Lu Lu, Dai Tiantian, Zhao Yi, Qu Hang, Sun Qi An, Xia Hongyi, Wang Wei, Li Guoqing
Medical College, Yangzhou University, Yangzhou, 255000, China.
Department of Radiology, Medical Imaging Center, The Affiliated Hospital of Yangzhou University, Yangzhou University, Yangzhou, 255000, China.
Clin Rheumatol. 2024 May;43(5):1675-1682. doi: 10.1007/s10067-024-06935-2. Epub 2024 Mar 27.
This study aimed to evaluate the value of machine learning models (ML) based on MRI radiomics in diagnosing early parotid gland injury in primary Sjögren's syndrome (pSS).
A total of 164 patients (114 in the training cohort and 50 in the testing cohort) with pSS (n=82) or healthy controls (HC) (n=82) were enrolled. Itksnap software was used to perform two-dimensional segmentation of the bilateral parotid glands on T1-weighted (T1WI) and fat-suppressed T2-weighted imaging (fs-T2WI) images. A total of 1548 texture features of the parotid glands were extracted using radiomics software. A radiomics score (Radscore) was constructed and calculated. A t-test was used to compare the Radscore between the two groups. Finally, five machine learning models were trained and tested to identify early pSS parotid injury, and the performance of the machine learning models was evaluated by calculating the acceptance operating curve (ROC) and other parameters.
The Radscores between the pSS and HC groups showed significant statistical differences (p<0.001). Among the five machine learning models, the Extra Trees Classifier (ETC) model performed high predictive efficacy in identifying early pSS parotid injury, with an AUC of 0.87 in the testing set.
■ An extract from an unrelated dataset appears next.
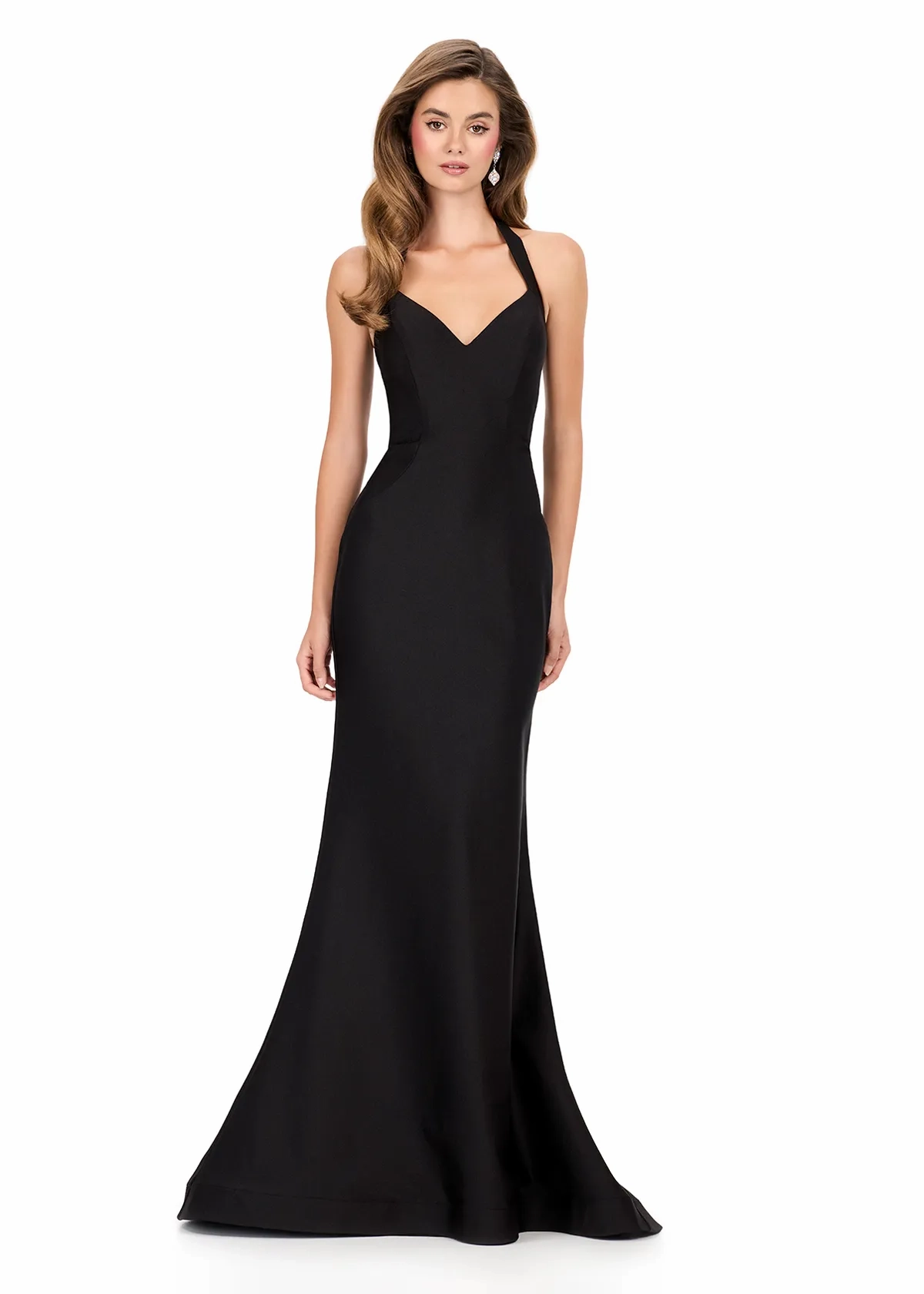 Make a statement in this sleek ASHLEYlauren Style 12205 fitted jersey gown made in custom ASHLEYlauren fabric. The strappy neckline and open lace-up back create a modern, eye-catching silhouette, while the sweep train adds just the right amount of drama.

MRI radiomics-based machine learning models can effectively diagnose early parotid gland injury in primary Sjögren's syndrome.
本研究旨在评估基于磁共振成像(MRI)影像组学的机器学习模型在诊断原发性干燥综合征(pSS)早期腮腺损伤中的价值。
共纳入164例患者,其中包括82例pSS患者(训练队列114例,测试队列50例)和82例健康对照(HC)。使用Itksnap软件在T1加权(T1WI)和脂肪抑制T2加权成像(fs-T2WI)图像上对双侧腮腺进行二维分割。使用影像组学软件提取腮腺的1548个纹理特征。构建并计算影像组学评分(Radscore)。采用t检验比较两组之间的Radscore。最后,训练并测试了五个机器学习模型以识别早期pSS腮腺损伤,并通过计算接受操作曲线(ROC)等参数来评估机器学习模型的性能。
pSS组和HC组之间的Radscores显示出显著的统计学差异(p<0.001)。在五个机器学习模型中,Extra Trees Classifier(ETC)模型在识别早期pSS腮腺损伤方面具有较高的预测效能,测试集中的曲线下面积(AUC)为0.87。
基于MRI影像组学的机器学习模型可有效诊断原发性干燥综合征早期腮腺损伤。